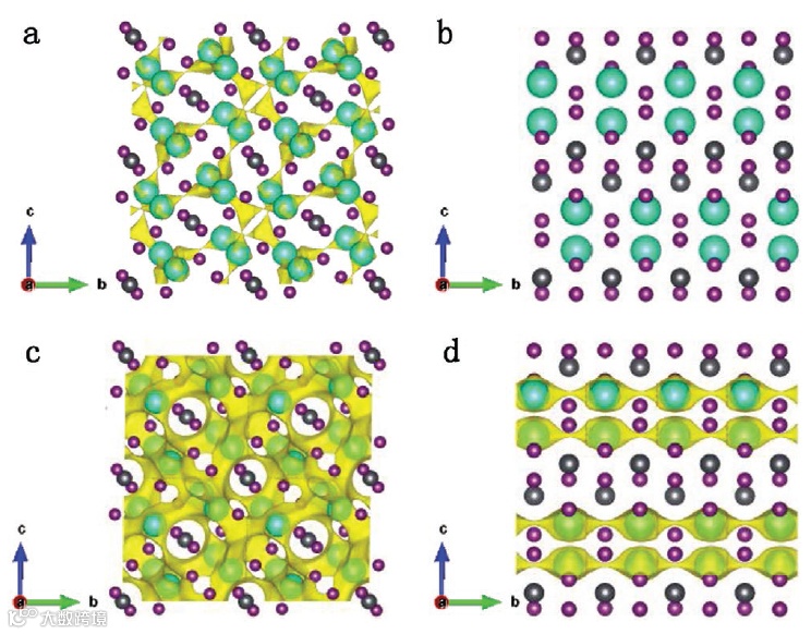 Cs4PbI6和δ-CsPbI3在等势能面E(Cs) =1.26 eV(a,b)和 E(Cs) =5.50 eV(b, d)时离子迁移路径。
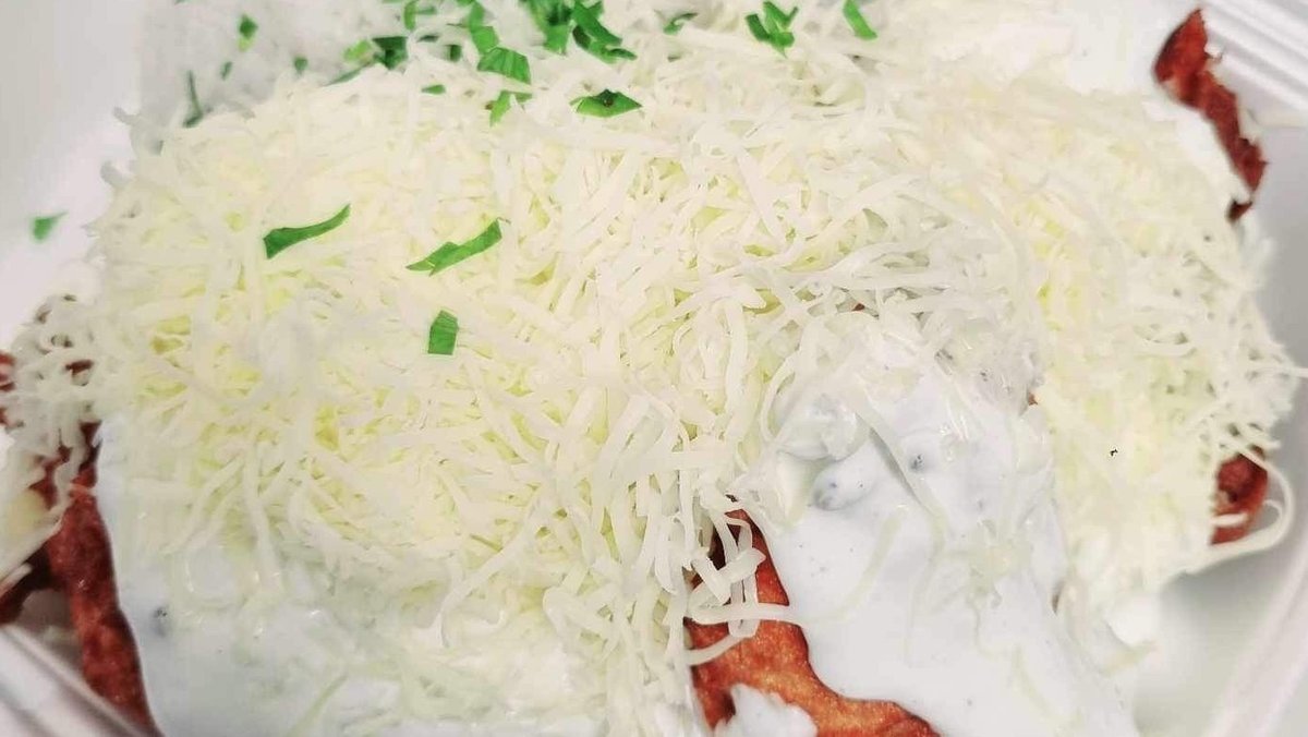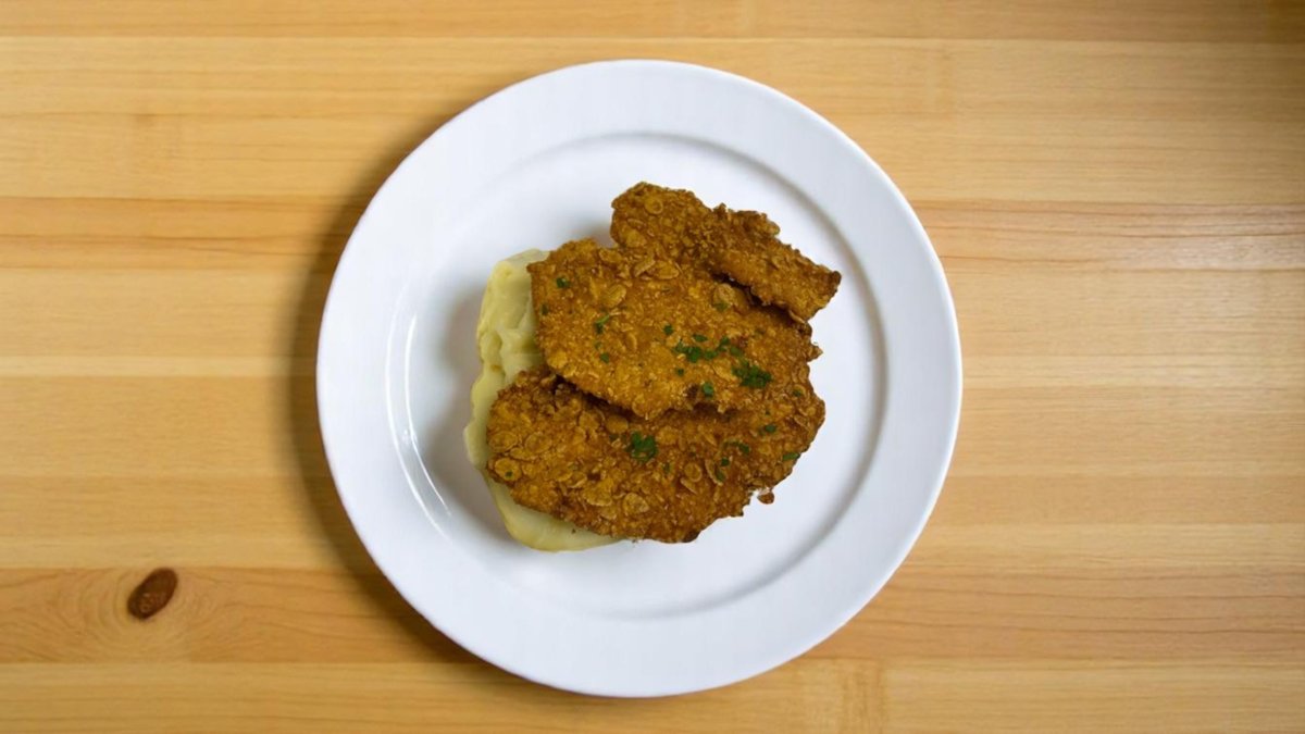 Juhtúróval, lilahagymával töltött csirkemell rántva
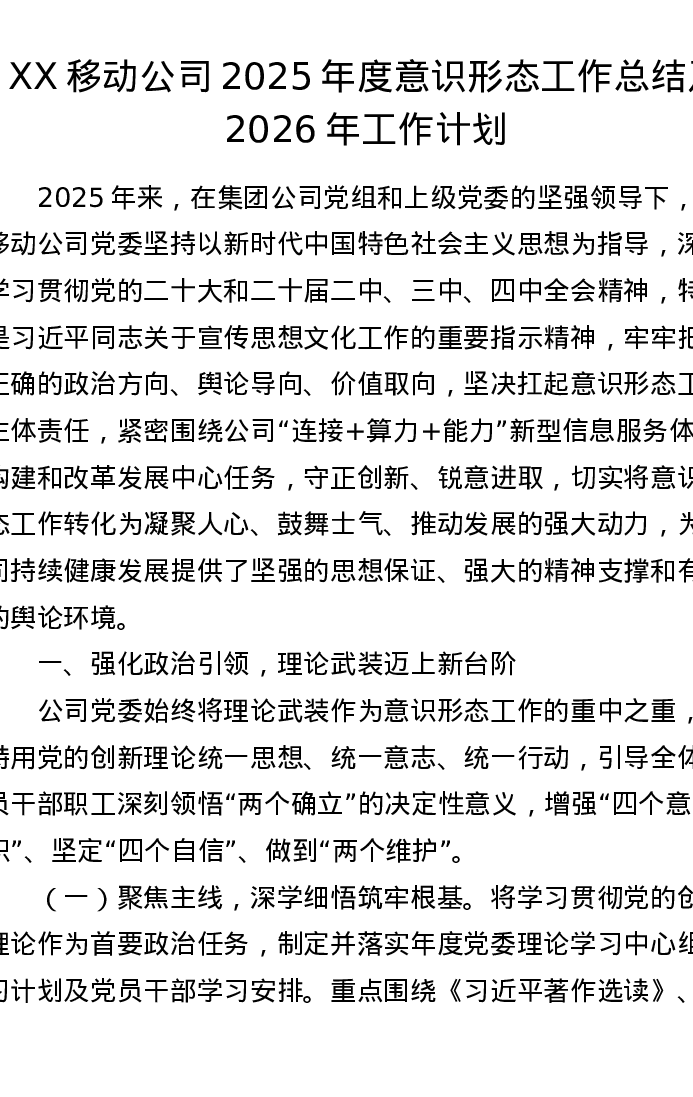 XX移动公司2025年度意识形态工作总结及2026年工作计划
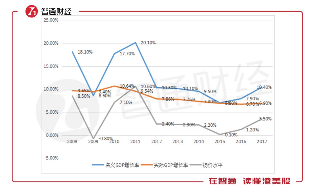 但考慮到物價水平的變化,此時農(nóng)村的消費(fèi)水平并不能代表購買力水平,智通財經(jīng)APP以實際GDP增長水平和名義GDP增長水平測算每一年的物價水平(物價水平=名義GDP增長水平-實際GDP增長水平),以下為測算圖表:
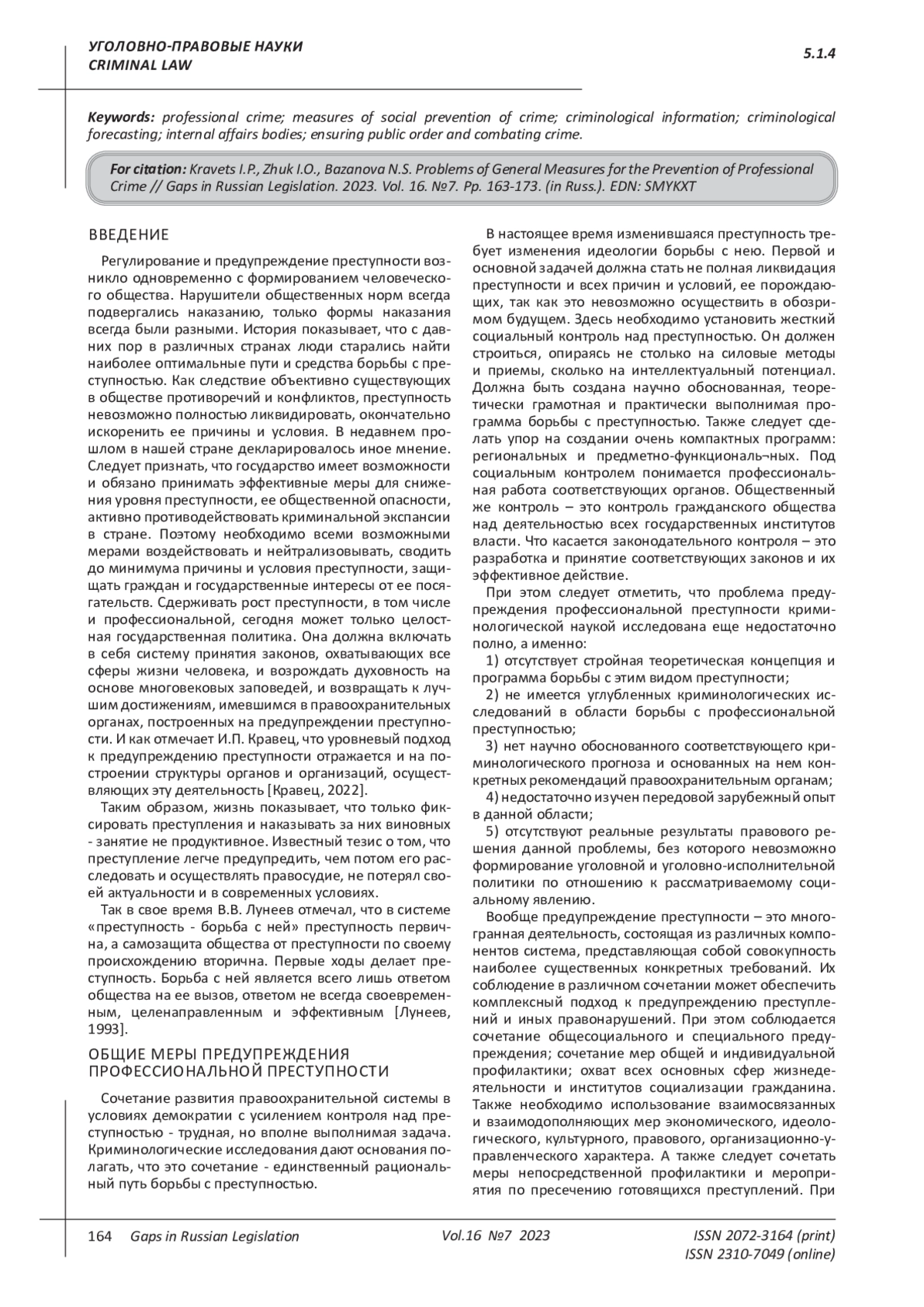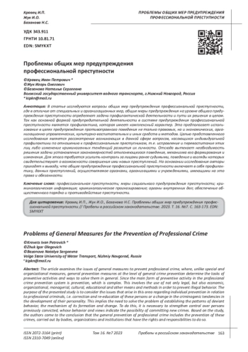 Kravets, I.P., (2022), Problems of special measures to prevent professional criminality. Gaps in Russian legislation. 2022. Vol.15. №2. P. 134-143. EDN: PZUKUF

• _What is needed_
The answer is the entries above, given again exactly, with no pictures among them.

• _Answer to the exercise_
 Cs4PbI6和δ-CsPbI3在等势能面E(Cs) =1.26 eV(a,b)和 E(Cs) =5.50 eV(b, d)时离子迁移路径。
 Juhtúróval, lilahagymával töltött csirkemell rántva
 XX移动公司2025年度意识形态工作总结及2026年工作计划
 但考慮到物價水平的變化,此時農(nóng)村的消費(fèi)水平并不能代表購買力水平,智通財經(jīng)APP以實際GDP增長水平和名義GDP增長水平測算每一年的物價水平(物價水平=名義GDP增長水平-實際GDP增長水平),以下為測算圖表:
 Kravets, I.P., (2022), Problems of special measures to prevent professional criminality. Gaps in Russian legislation. 2022. Vol.15. №2. P. 134-143. EDN: PZUKUF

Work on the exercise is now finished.